Comparison between SBMA and MPC coatings on PEEK surface: stability over time and anti-inflammatory effects in vitro.
Erika Roventini, Francesco Iacoponi, Aliria Poliziani, Paolo Canepa, Ornella Cavalleri, Maria A Cassa, Paola Parlanti, Carlotta Pucci, Mauro Gemmi, Chiara Tonda-Turo, Leonardo Ricotti
Abstract
Open AccessThe foreign body reaction often hinders the success of implantable devices, leading to fibrotic encapsulation. Controlling the post-implantation inflammatory phase is key to mitigating the foreign body reaction and promoting device integration.
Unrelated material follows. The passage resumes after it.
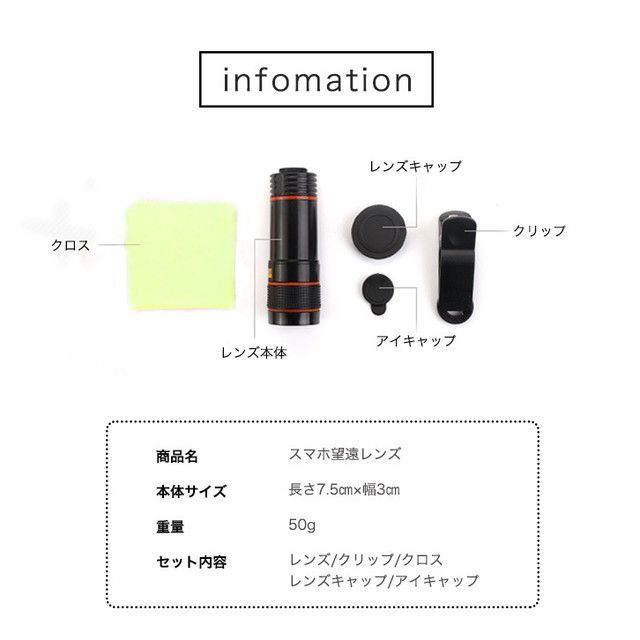 この商品はスマートフォン用の望遠レンズです。レンズ部分にワンタッチで取り付けができ、MAX8倍の撮影ができます。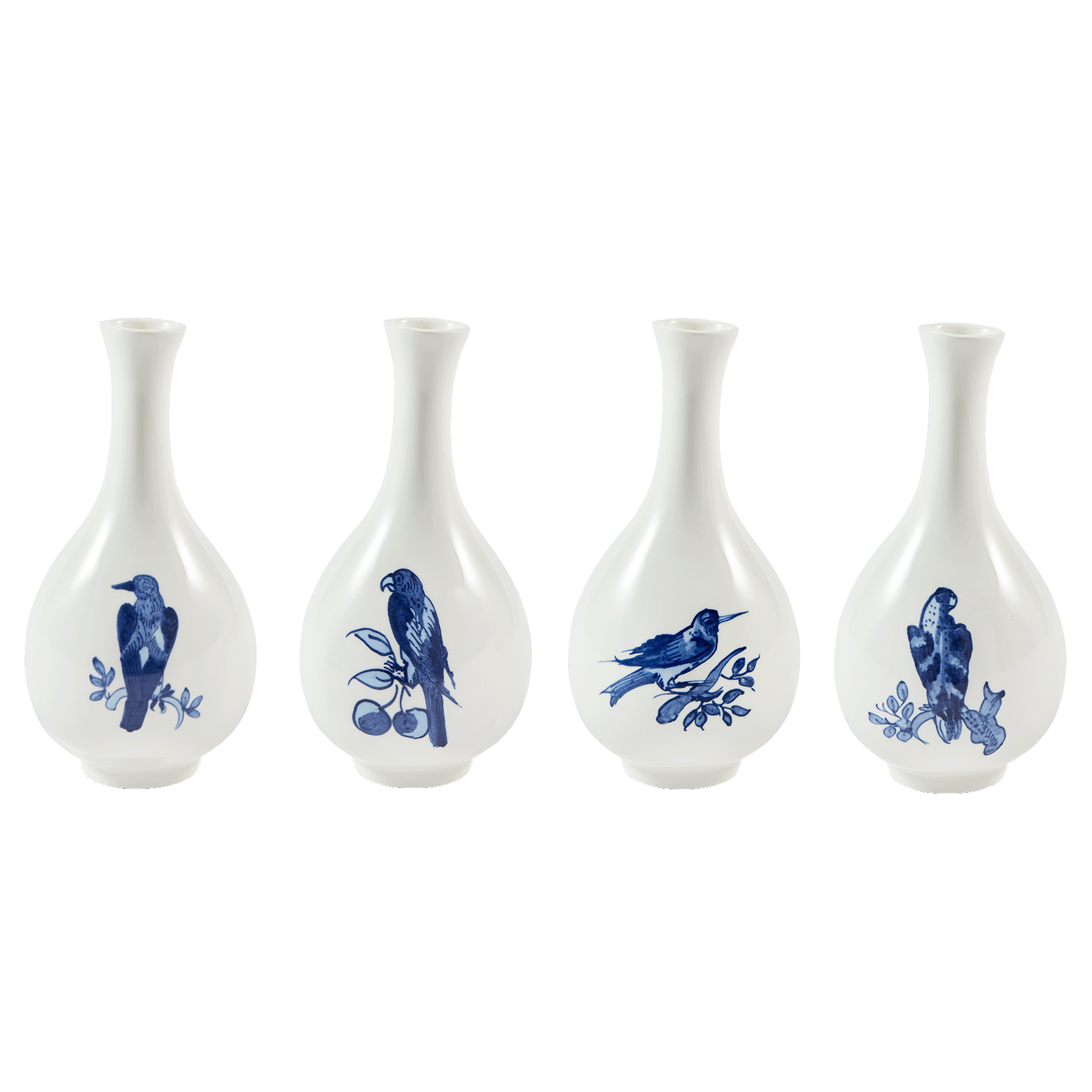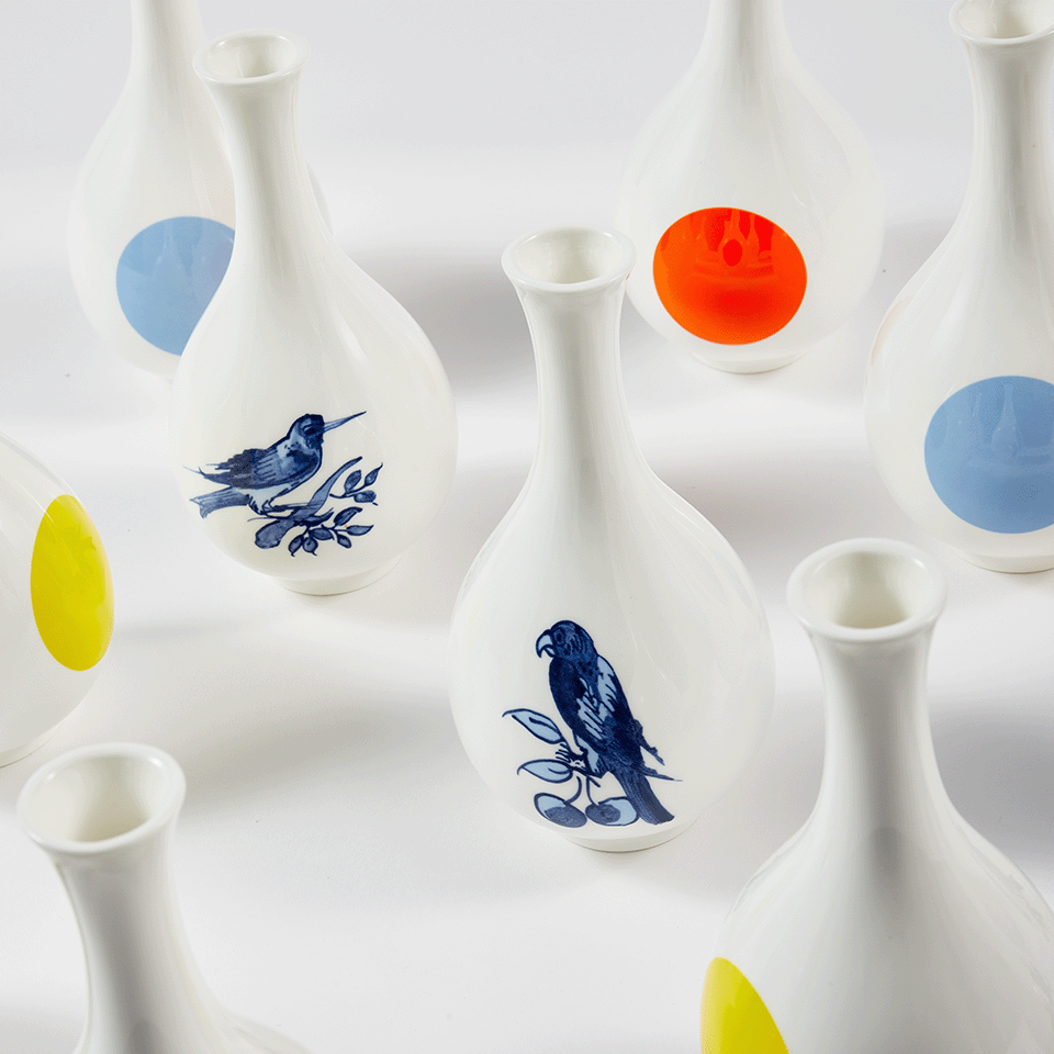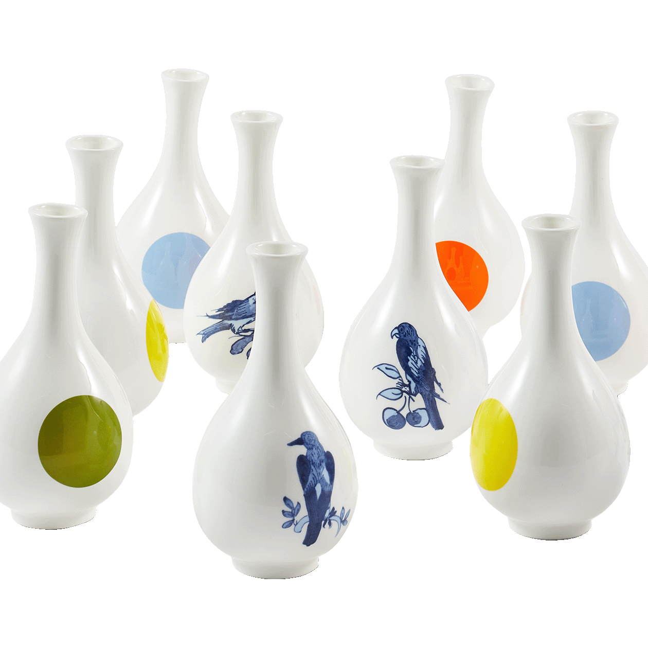 Het Rijksmuseum en POLSPOTTEN hebben voor deze collectie hun krachten gebundeld.  Het resultaat?  Historische motieven vertaalt naar het heden in een eigentijds design. Dit keer in de vorm van vier porseleinen vaasjes. De klassieke vaasvorm is geïnspireerd op een peervormige Chinese vaas uit de 17de eeuw. De vogels zijn ontleend aan een tegeltableau uit de collectie van het Rijksmuseum. De achterzijde is verrijkt met levendige kleuren zijn ontleend aan de Majolica Keramiek, de voorganger van Delfts Blauw. Kortom vier unieke vazen met een tijdloos design. Beschikbaar in de kleuren oranje, blauw, geel en groen.

This paper compares three coating strategies for including anti-inflammatory agents onto polyether-ether-ketone (PEEK) surfaces, applying two different zwitterions, namely the 2-methacryloyloxyethyl phosphorylcholine (MPC) and [2-(methacryloyloxy)ethyl]dimethyl-(3-sulfopropyl)ammonium hydroxide (SBMA). Two different PEEK surface types were also compared, namely "rough surface" and "smooth surface" (average roughness: 7 μm ± 4 μm and 1.4 μm ± 0.3 μm, respectively). Focused ion beam-scanning electron microscopy (FIB-SEM) confirmed qualitatively the presence of a thin coating layer with an estimated thickness of 100 nm. X-ray photoelectron spectroscopy and water contact angle measurements showed that both MPC and SBMA coatings were highly stable on the PEEK substrates for up to 8 weeks in simulated physiological conditions, when anchored to the PEEK surfaces by exploiting zwitterionic copolymers with N-[3-(dimethylamino)propyl]acrylamide and using a polydopamine adhesive layer. These coatings were also tested in vitro, evaluating their effects on cell adhesion, and the production of inflammatory markers such as interleukin-1β, interleukin-6, tumor necrosis factor-α and nitric oxide from M1 macrophages. The MPC-based coating on smooth PEEK surfaces showed the most remarkable effects, significantly supporting macrophage viability, reducing the release of pro-inflammatory cytokines, and inhibiting nitric oxide release, suggesting a superior capability to modulate inflammation. These findings pave the way for functional coatings to be used in vivo, with the aim of improving PEEK implants' safety, integration, and longevity.